SAP BPM 2008: Business Rules Management

I was up bright and early today to hear Soum Chatterjee from SAP Labs give an introduction to their business rules product, the recently-acquired Yasu (which Chatterjee claims stands for Yet Another Start-Up). I’ve had a bit of a look at it in the context of the NetWeaver BPM demos that I’ve had, but wanted to hear about their roadmap for the product.

He started with some very fundamental information on business rules, and made an interesting comment (considering who writes his paycheck): maybe embedding rules in the code of systems like SAP’s ERP was not a great idea. Of course, neither was having rules embedded in database triggers or non-automated methods such as documenting them in procedures guides or just having them in people’s heads. In these cases, we might see lack of flexibility, lack of visibility and lack of enforcement/standardization as well as having the business rules scattered around the organization where they can’t be properly managed. The solution, of course, is SAP NetWeaver BRM 🙂  Consider that the audience is mostly SAP customers who are very used to the idea of business rules embedded within their ERP code, some of these ideas are pretty radical, but he does a good job of laying out the value proposition of business rules, not just a product overview. He put it in the context of BPM, where the ability to change the rules within processes provides maximum agility.

From a rules product standpoint, they have a suite including:

  • A composer for modeling rules, in an Eclipse-based environment that can be used by a business analyst.
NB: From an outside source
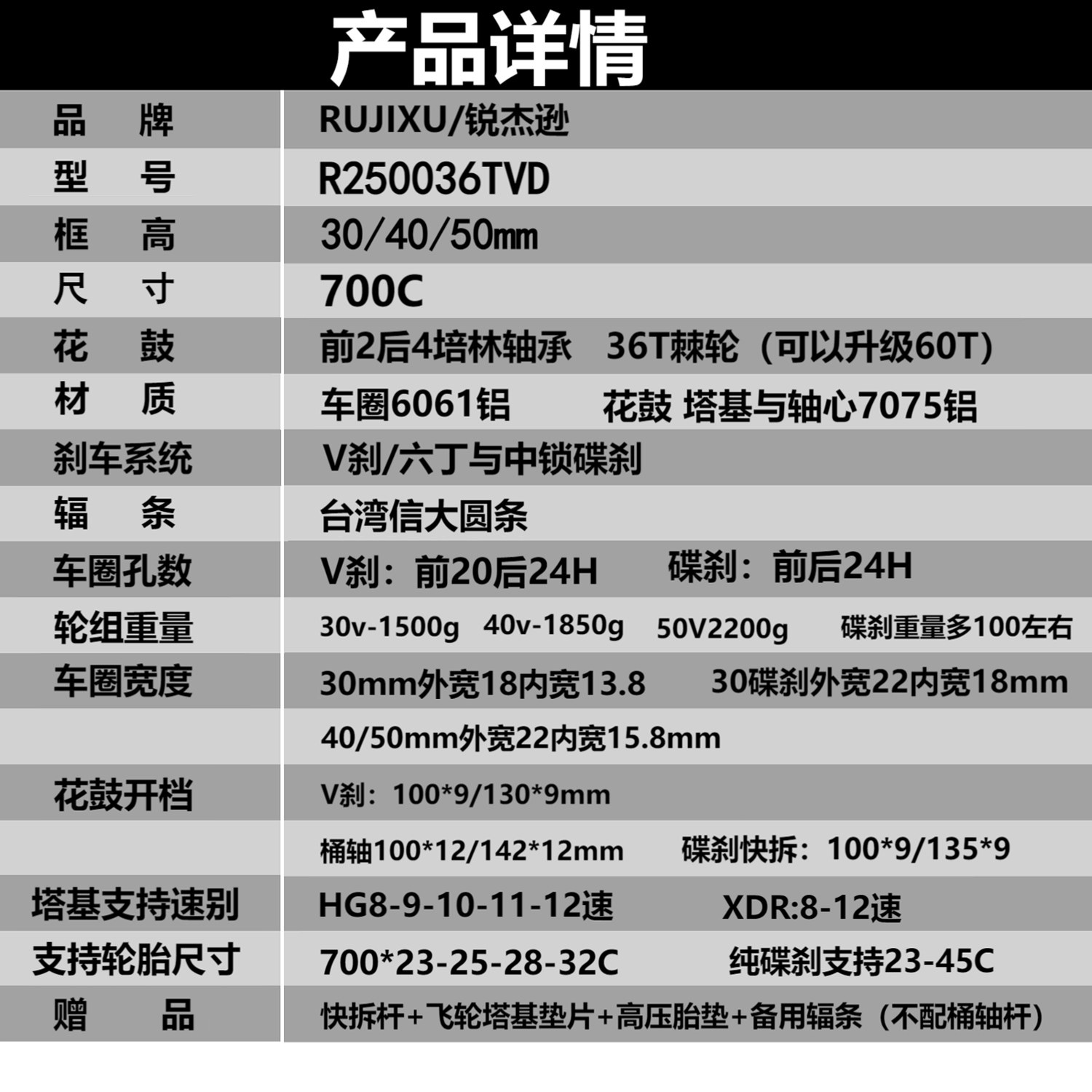 Rujixu 700C Aluminum Alloy High-Profile Road Wheels 50mm Rims 36t Planetary Gear V/C Brake Disc Brake Wheelset

It uses a natural language-like representation of the rules, and provides conflict resolution and other up-front analysis of the rules being modeled. Rules can be represented as a decision table, classic if-the-else code, or as a graphical rule flow (which is a sort of decision tree). I’ve also seen this integrated into the process modeling environment in their BPM product.
  • A rules manager for deploying and managing rules.
  • A rules engine to execute the rules. Rules can be consumed as web services (and therefore by their BPM or any other composite application modeling environment) and ABAP business applications.
  • A repository for storing the rules assets.
  • A rules analyzer for optimization (not released yet).

They’ve focused on fast methods of testing and refining rules, particularly by a business analyst. They also have a lot of change management and governance built in.

He covered how BRM and BPM will work together:

  • Complex rule-based decisions (pricing, credit decisions, etc.)
  • Responsibility determination (rule-based task assignment)
  • Recognition of business events
  • Routing rules
  • Parameter thresholds and tolerance (constraints)

Rules can be modeled in the rules composer or in the process composer. He showed us a (canned) demo of the rules composer that would have been a lot more compelling if he had narrated it in a bit more detail: I was sitting at the front of the room so could see the screen, but I’m sure that those at the back of the room couldn’t read it and there wasn’t enough narration to follow along with what was happening in the screen playback. Eight minutes into the video (only halfway!), we move from code-based rules to decision tables, which is a bit more interesting from a demo standpoint, but I really doubt if anyone who didn’t already know something about rules modeling would have gained a lot of information from watching this. It also made the composer look a lot more difficult that it actually is, as evidenced from an audience question about whether they expected business users to use this (in a disbelieving voice).

He finished up with the product roadmap:

  • This year, they’ve delivered the business rules composition and execution environment, available for invocation from the various SAP product lines, and integrated with the BPM composition environment.
  • In 2009, there will be more complex decision sequences, integrated support for rule refinement and validation, end-to-end change management, and improved business user participation and collaboration in rules authoring and change management.
  • In 2010, the plan (which of course can change) is to have real-time rule-based responses to business events, advanced rules analysis capabilities with alignment to business goals, and better modeling capabilities for business analysts.